#### Task details:
Would you reproduce each of the records below precisely, with the pictures left out?

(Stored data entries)

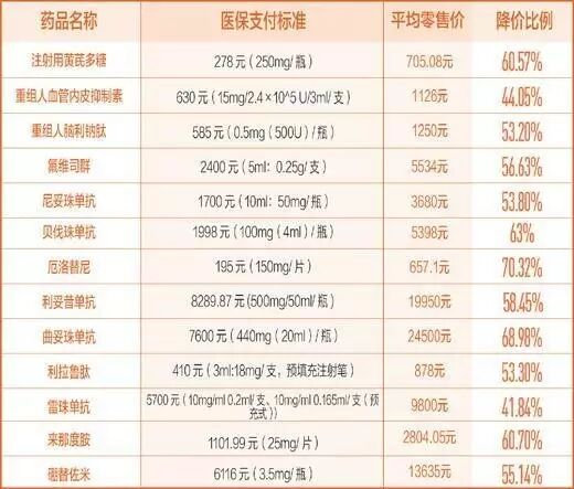 专利药、独家药谈判成功后价格大幅下降
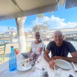 Ist aber trotzdem eine willkommene Abwechslung, unter der Sonne Griechenlands und immer wieder in anderen schönen Buchten, der Arbeit nach zu gehen und gleichzeitig von ihrem Liebsten verwöhnt zu werden.
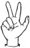 На ћирилици написано НЕДА РУЧНОВ састоји се из 10 слова [?]. Исписано ћириличном једноручном азбуком за глувонеме:
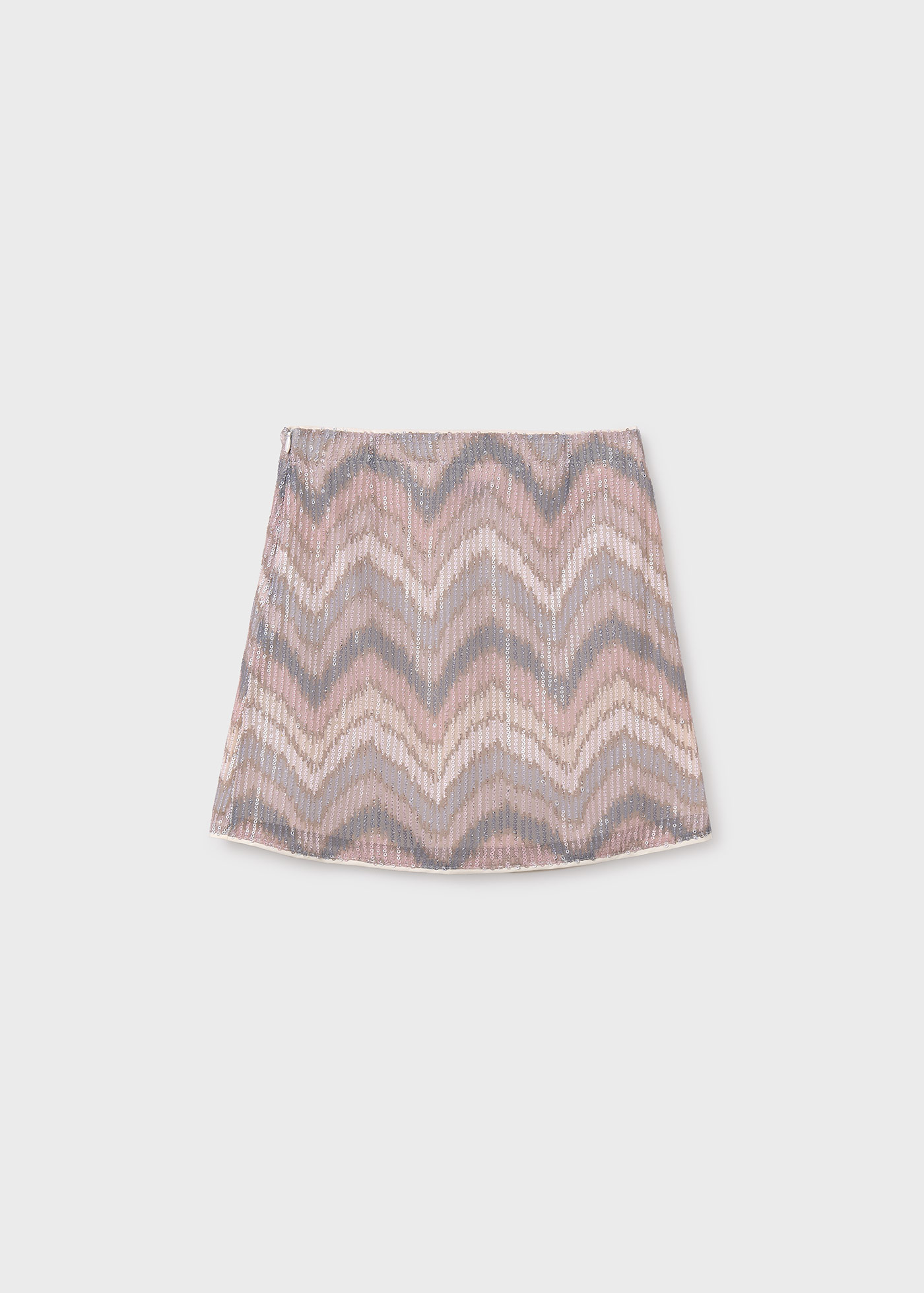 Falda para chica. Cierre con cremallera invisible en el lateral de la prenda. Goma elástica regulable con botones en el interior de la cinturilla para mayor ajuste. Suave forro interior de poliéster. Modelo con pinzas. Elementos de adorno: lentejuelas.
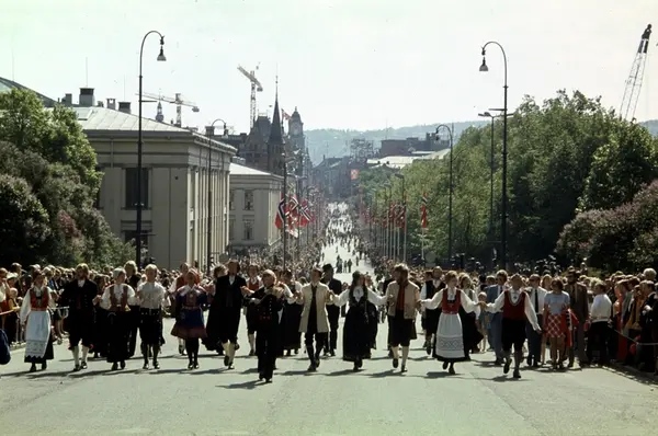 Det er tradisjon med folkedans før barnetoget på Karl Johan. Bondeungdomslagets leikarring danser frå Egertorget til Slottsplassen.
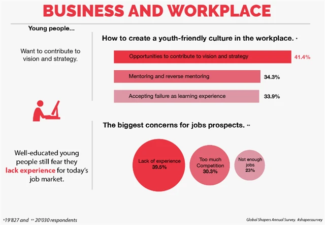 Co se týče pracovního trhu, bezmála 40 % lidí, jimž se dostalo kvalitního vzdělání, si myslí, že je škola nedostatečně připravila na praxi. Tři z deseti lidí vyjadřují názor, že na trhu práce je příliš velká konkurence, a asi 23 % oslovených si myslí, že na trhu práce není dostatek příležitostí. Mladí lidé také požadují, aby mohli v práci spolurozhodovat o klíčových věcech a aby na jejich chyby bylo pohlíženo jako na zdroj ponaučení, ne jako na projev slabosti a nekompetentnosti.

#### Output of the exercise:
 专利药、独家药谈判成功后价格大幅下降
 Ist aber trotzdem eine willkommene Abwechslung, unter der Sonne Griechenlands und immer wieder in anderen schönen Buchten, der Arbeit nach zu gehen und gleichzeitig von ihrem Liebsten verwöhnt zu werden.
 На ћирилици написано НЕДА РУЧНОВ састоји се из 10 слова [?]. Исписано ћириличном једноручном азбуком за глувонеме:
 Falda para chica. Cierre con cremallera invisible en el lateral de la prenda. Goma elástica regulable con botones en el interior de la cinturilla para mayor ajuste. Suave forro interior de poliéster. Modelo con pinzas. Elementos de adorno: lentejuelas.
 Det er tradisjon med folkedans før barnetoget på Karl Johan. Bondeungdomslagets leikarring danser frå Egertorget til Slottsplassen.
 Co se týče pracovního trhu, bezmála 40 % lidí, jimž se dostalo kvalitního vzdělání, si myslí, že je škola nedostatečně připravila na praxi. Tři z deseti lidí vyjadřují názor, že na trhu práce je příliš velká konkurence, a asi 23 % oslovených si myslí, že na trhu práce není dostatek příležitostí. Mladí lidé také požadují, aby mohli v práci spolurozhodovat o klíčových věcech a aby na jejich chyby bylo pohlíženo jako na zdroj ponaučení, ne jako na projev slabosti a nekompetentnosti.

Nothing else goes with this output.